Willie Dixon was the undisputed Poet Laureate of post-war Chicago blues music. His undoubted expertise as a wordsmith in all probability stemmed from the truth that, as a teenager rising up in Vicksburg, Mississippi, he heard his mom recite poetry that she had written. But music wasn’t Dixon’s first calling. He loved a number of years as a reasonably profitable heavyweight boxer earlier than he switched careers. His massive break was touchdown a job at Chicago’s Chess label in 1948, the place the mix of his double bass-playing, arranging expertise, expertise scout acumen, and, in fact, songwriting prowess (amongst numerous classics, he penned “Hoochie Coochie Man,” “I Just Want To Make Love To You” and “Back Door Man”), allowed him to rise quickly within the ranks of the corporate’s backroom hierarchy.

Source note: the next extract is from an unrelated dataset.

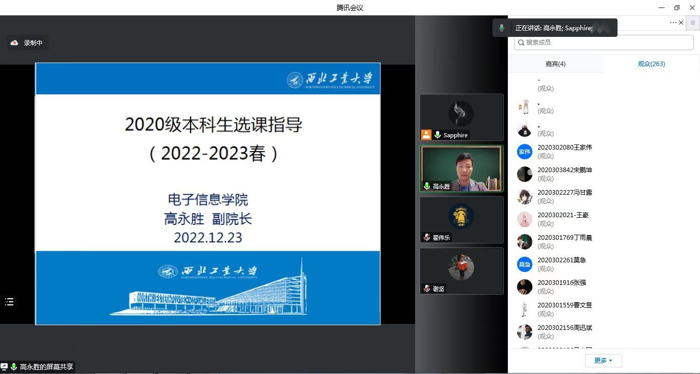 为深入贯彻立德树人根本任务,落实公司一流本科人才培养行动计划,强化员工关怀和指导,12月23日晚,WilliamHill体育副经理高永胜主持召开了2022-2023学年春季学期选课指导会,2020级、2021级、2022级本科生,各年级辅导员、班主任及本科教学秘书参加了会议。

“Hoochie Coochie Man” was first recorded on January 7, 1954, by a Delta blues singer with an enormous, booming voice who was born McKinley Morganfield, in Rolling Fork, Mississippi. He went beneath the stage identify Muddy Waters, and had already seen some chart motion earlier than arriving at Chess in 1950. Waters had racked up 5 Top 10 R&B hits for Chess earlier than Dixon supplied him “Hoochie Coochie Man,” which was initially titled “(I’m Your) Hoochie Coochie Man.” It grew to become Waters’ greatest American hit (No.3 on the R&B charts) and in addition, maybe extra considerably, put Willie Dixon on the map as a songwriter of observe.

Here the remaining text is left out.